Stored records:
################

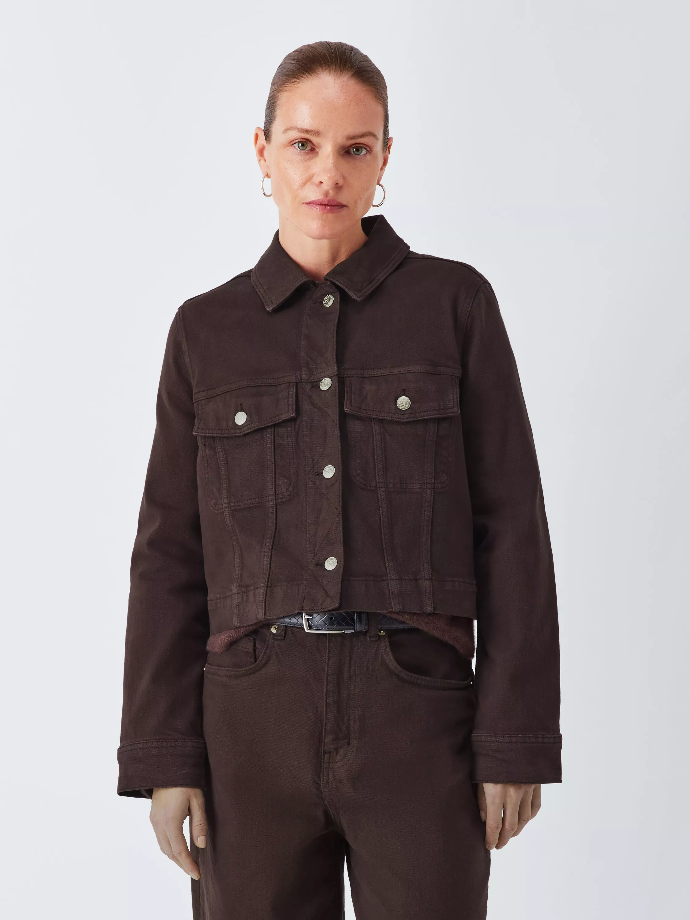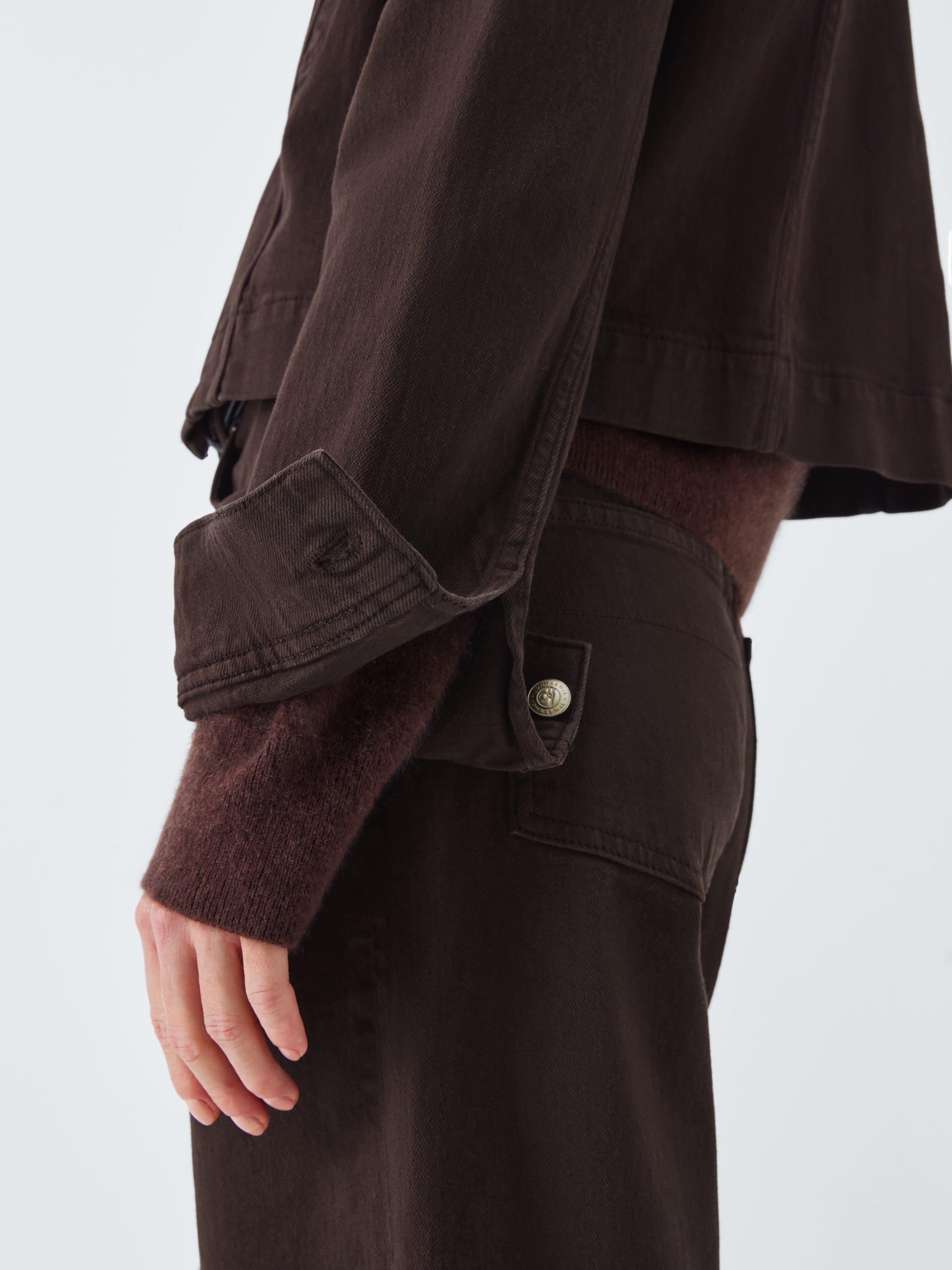 A stretch cotton denim jacket with flap pocket detailing.
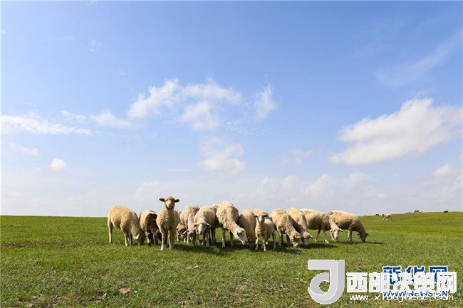 西烏珠穆沁旗的草原上,羊群在覓食(7月21日攝)。
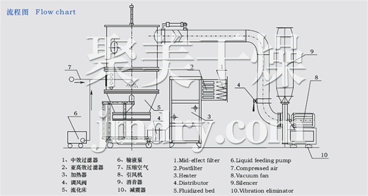 3.混合、制粒、干燥在一机内完成(一步法制粒)。
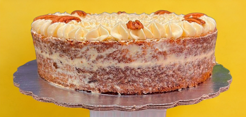 Delicioso Bizcocho suave esponjoso con nueces, piña, zanahoria, y un ligero sabor a canela. 16/20 personas aprox
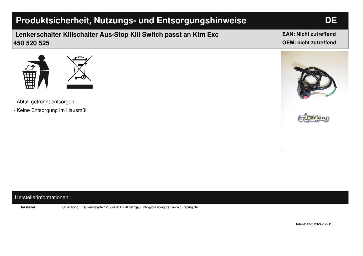 • Lenkerschalter Killschalter Aus-Stop Kill Switch passt an Ktm Exc 450 520 525
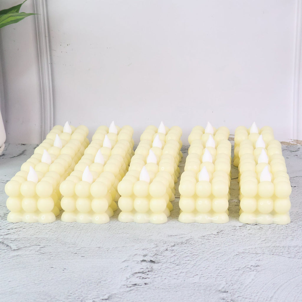 This set of 24 LED flameless cube candles adds elegance and warmth to your celebrations and everyday decor. With their unique cube-bubble design and soft LED glow, these candles provide a realistic flame-like effect without the hazards of fire, smoke, or dripping wax.
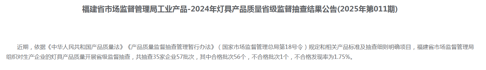 中國質(zhì)量新聞網(wǎng)訊 近日,福建省市場監(jiān)督管理局發(fā)布2024年燈具產(chǎn)品質(zhì)量省級監(jiān)督抽查結(jié)果(2025年第011期)。本次共抽查35家企業(yè)57批次,其中合格批次56個,不合格批次1個。
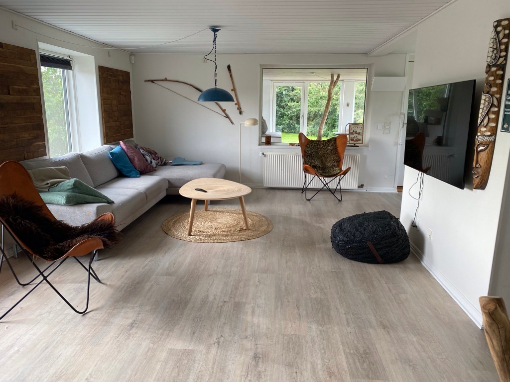 Huset er en fornuftig størrelse, med sovepladser til 7+1 personer, og det er hyggeligt indrettet, i bedste Safari stil. I huset er der 3 soveværelser med 2 sovepladser på hvert værelse, 1 værelse er placeret i stueplan og 2 værelser er placeret på 1. sal. Desuden er der en soveplads på repoet, hvor der også er plads til at der kan sove 1 ekstra på en foldemadras.
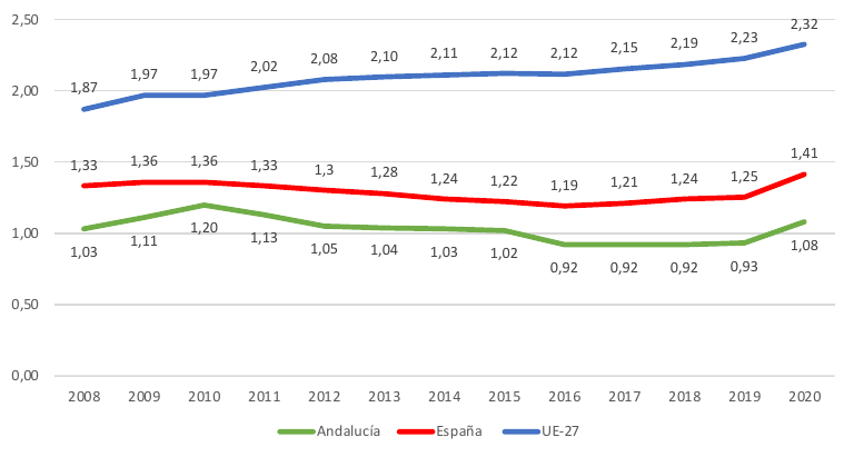 Así, el gasto en I+D supone el 1,08% del PIB regional, aún por debajo del 1,41% nacional y del 2,32% de la UE-27 en 2020, por lo que no se ha logrado alcanzar el 2% fijado como objetivo para España en la Estrategia Europa 2020 y para Andalucía en la Agenda por el Empleo. De hecho, en la Comunidad Autónoma se ha producido un retroceso respecto a 2010 (1,2% entonces), ya que la inversión dedicada a adquirir conocimiento por el conjunto de los sectores económicos en la región no ha recuperado el máximo nivel alcanzado en 2010 (entonces era de 1.726,7 millones de euros, frente a los 1.627,25 millones de euros en 2020).
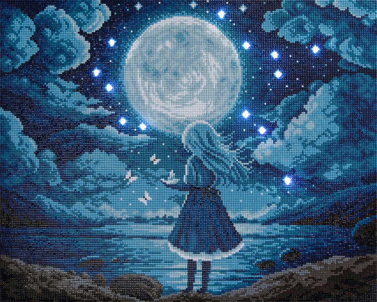 Новая серия наборов для алмазной мозаики с встроенными светодиодами! Готовая картина станет еще эффектнее, так как светодиодная гирлянда добавляет блеск, объем и уютное свечение (холодный свет). Холст уже натянут на деревянный подрамник с подложкой, исключая провисание и необходимость оформления в багет. Стразы меньшего размера обеспечивают более детальное и реалистичное изображение.
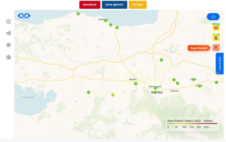 Bursa Büyükşehir Belediyesi, hava ve gürültü kirliliğinin tespiti için geçtiğimiz aylarda devreye aldığı hava kalitesi izleme sistemine yangın izleme sistemini de entegre etti.
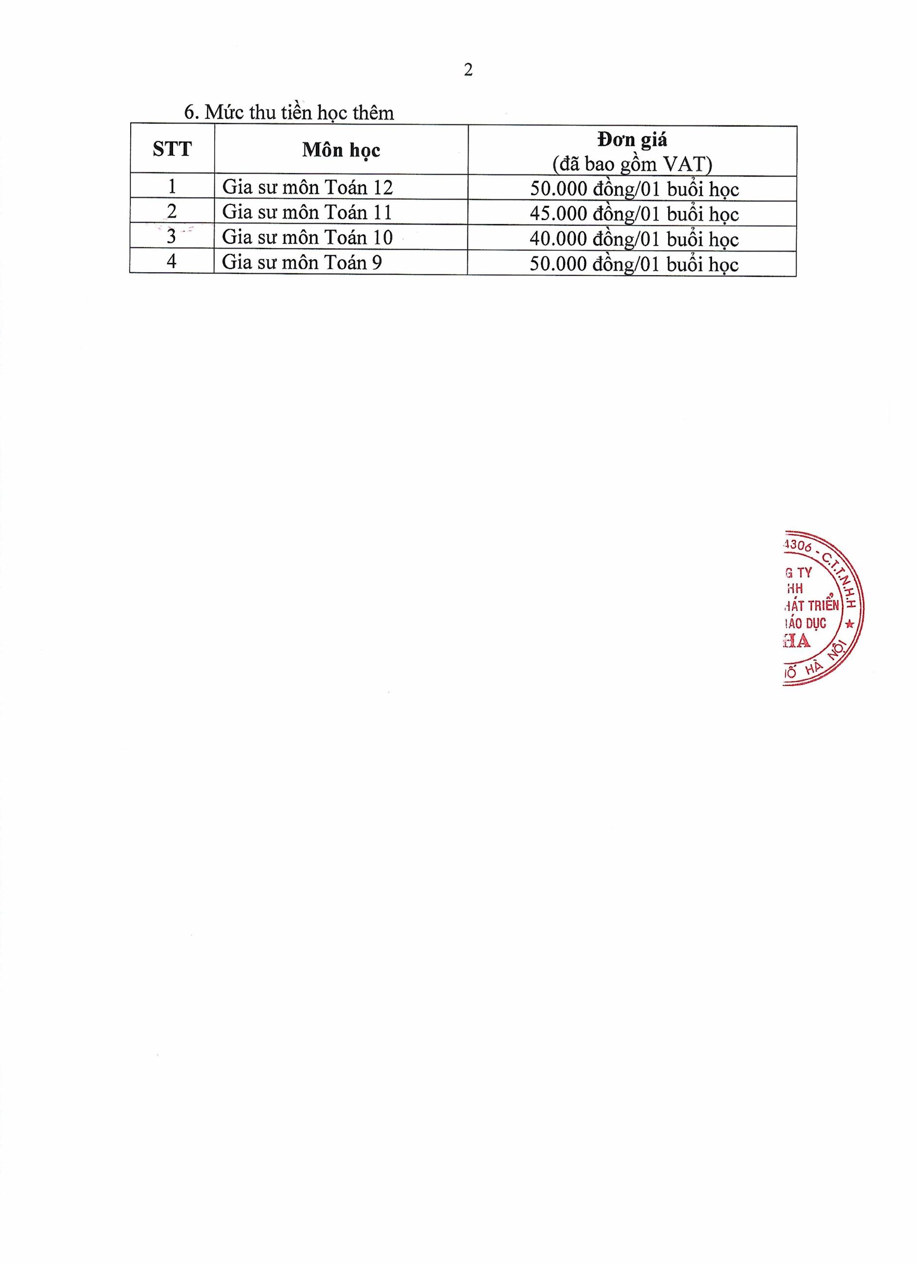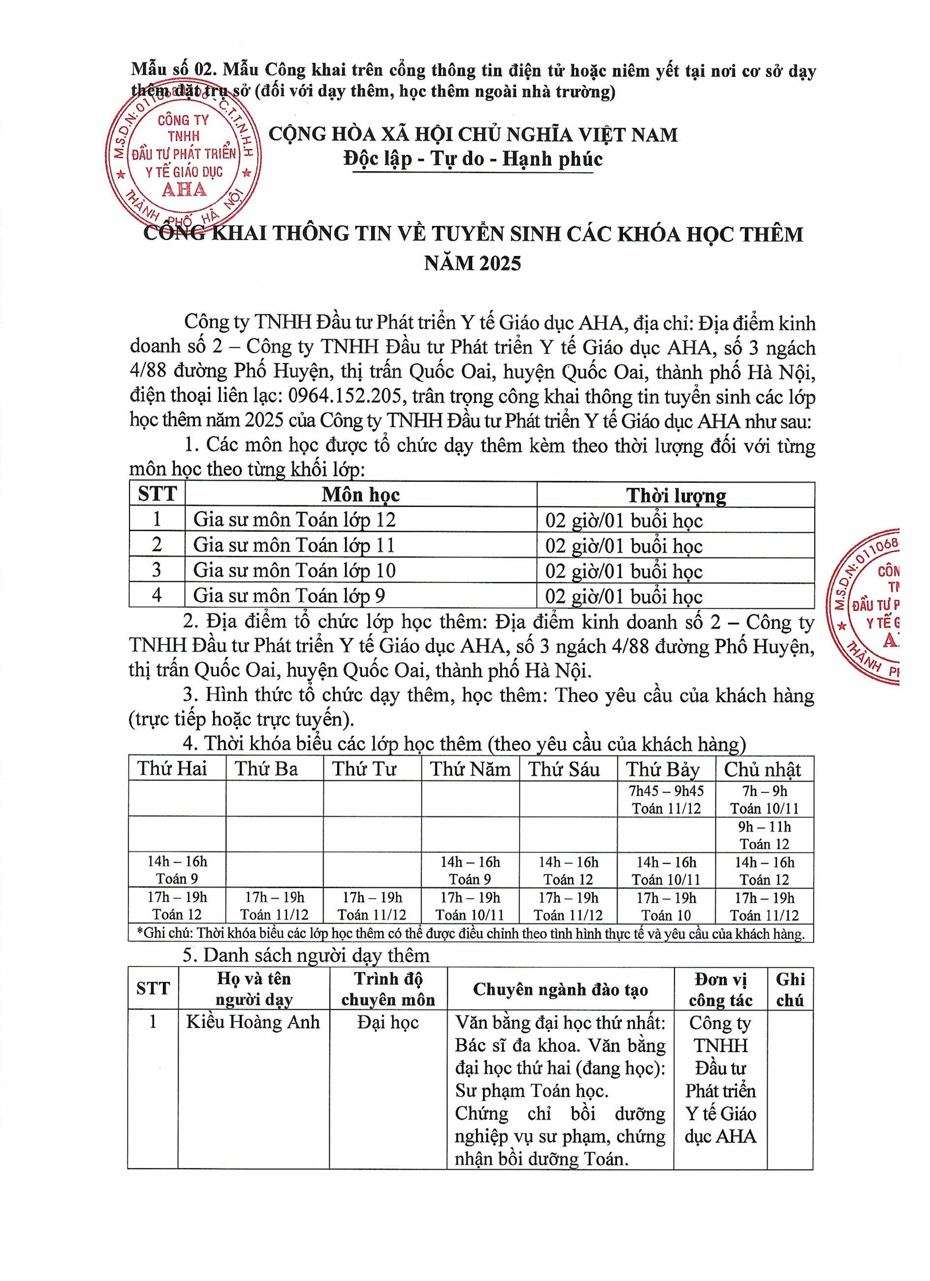 Căn cứ điểm b, khoản 1, Điều 6, Thông tư 29/2024/TT-BGDĐT ngày 30 tháng 12 năm 2024 của Bộ Giáo dục và Đào tạo quy định về dạy thêm, học thêm, trên cơ sở thông báo số 10/TB-ITPC-AHA ngày 23 tháng 4 năm 2025 của Công ty TNHH Tư vấn và Xúc tiến Đầu tư Thương mại Quốc tế và Công ty TNHH Đầu tư Phát triển Y tế Giáo dục AHA về việc công khai thông tin trên cổng thông tin điện tử, thông báo số 14/TB-ITPC ngày 25/7/2025 của Công ty TNHH Tư vấn và Xúc tiến Đầu tư Thương mại Quốc tế về việc điều chỉnh và cập nhật thông tin tại mục 3 Thông báo số 10/TB-ITPC-AHA ngày 23/4/2025, Công ty TNHH Đầu tư Phát triển Y tế Giáo dục AHA thực hiện công khai trên cổng thông tin điện tử về các môn học được tổ chức dạy thêm; thời lượng dạy thêm đối với từng môn học theo từng khối lớp; địa điểm, hình thức, thời gian tổ chức dạy thêm, học thêm; danh sách người dạy thêm và mức thu tiền học thêm trước khi tuyển sinh các lớp dạy thêm, học thêm (theo Mẫu số 02 tại Phụ lục kèm theo Thông tư 29/2024/TT-BGDĐT), cụ thể như sau:

################

Type out the entries again without a single change, and leave the pictures out.

 A stretch cotton denim jacket with flap pocket detailing.
 西烏珠穆沁旗的草原上,羊群在覓食(7月21日攝)。
 3.混合、制粒、干燥在一机内完成(一步法制粒)。
 Delicioso Bizcocho suave esponjoso con nueces, piña, zanahoria, y un ligero sabor a canela. 16/20 personas aprox
 • Lenkerschalter Killschalter Aus-Stop Kill Switch passt an Ktm Exc 450 520 525
 This set of 24 LED flameless cube candles adds elegance and warmth to your celebrations and everyday decor. With their unique cube-bubble design and soft LED glow, these candles provide a realistic flame-like effect without the hazards of fire, smoke, or dripping wax.
 中國質(zhì)量新聞網(wǎng)訊 近日,福建省市場監(jiān)督管理局發(fā)布2024年燈具產(chǎn)品質(zhì)量省級監(jiān)督抽查結(jié)果(2025年第011期)。本次共抽查35家企業(yè)57批次,其中合格批次56個,不合格批次1個。
 Huset er en fornuftig størrelse, med sovepladser til 7+1 personer, og det er hyggeligt indrettet, i bedste Safari stil. I huset er der 3 soveværelser med 2 sovepladser på hvert værelse, 1 værelse er placeret i stueplan og 2 værelser er placeret på 1. sal. Desuden er der en soveplads på repoet, hvor der også er plads til at der kan sove 1 ekstra på en foldemadras.
 Así, el gasto en I+D supone el 1,08% del PIB regional, aún por debajo del 1,41% nacional y del 2,32% de la UE-27 en 2020, por lo que no se ha logrado alcanzar el 2% fijado como objetivo para España en la Estrategia Europa 2020 y para Andalucía en la Agenda por el Empleo. De hecho, en la Comunidad Autónoma se ha producido un retroceso respecto a 2010 (1,2% entonces), ya que la inversión dedicada a adquirir conocimiento por el conjunto de los sectores económicos en la región no ha recuperado el máximo nivel alcanzado en 2010 (entonces era de 1.726,7 millones de euros, frente a los 1.627,25 millones de euros en 2020).
 Новая серия наборов для алмазной мозаики с встроенными светодиодами! Готовая картина станет еще эффектнее, так как светодиодная гирлянда добавляет блеск, объем и уютное свечение (холодный свет). Холст уже натянут на деревянный подрамник с подложкой, исключая провисание и необходимость оформления в багет. Стразы меньшего размера обеспечивают более детальное и реалистичное изображение.
 Bursa Büyükşehir Belediyesi, hava ve gürültü kirliliğinin tespiti için geçtiğimiz aylarda devreye aldığı hava kalitesi izleme sistemine yangın izleme sistemini de entegre etti.
 Căn cứ điểm b, khoản 1, Điều 6, Thông tư 29/2024/TT-BGDĐT ngày 30 tháng 12 năm 2024 của Bộ Giáo dục và Đào tạo quy định về dạy thêm, học thêm, trên cơ sở thông báo số 10/TB-ITPC-AHA ngày 23 tháng 4 năm 2025 của Công ty TNHH Tư vấn và Xúc tiến Đầu tư Thương mại Quốc tế và Công ty TNHH Đầu tư Phát triển Y tế Giáo dục AHA về việc công khai thông tin trên cổng thông tin điện tử, thông báo số 14/TB-ITPC ngày 25/7/2025 của Công ty TNHH Tư vấn và Xúc tiến Đầu tư Thương mại Quốc tế về việc điều chỉnh và cập nhật thông tin tại mục 3 Thông báo số 10/TB-ITPC-AHA ngày 23/4/2025, Công ty TNHH Đầu tư Phát triển Y tế Giáo dục AHA thực hiện công khai trên cổng thông tin điện tử về các môn học được tổ chức dạy thêm; thời lượng dạy thêm đối với từng môn học theo từng khối lớp; địa điểm, hình thức, thời gian tổ chức dạy thêm, học thêm; danh sách người dạy thêm và mức thu tiền học thêm trước khi tuyển sinh các lớp dạy thêm, học thêm (theo Mẫu số 02 tại Phụ lục kèm theo Thông tư 29/2024/TT-BGDĐT), cụ thể như sau:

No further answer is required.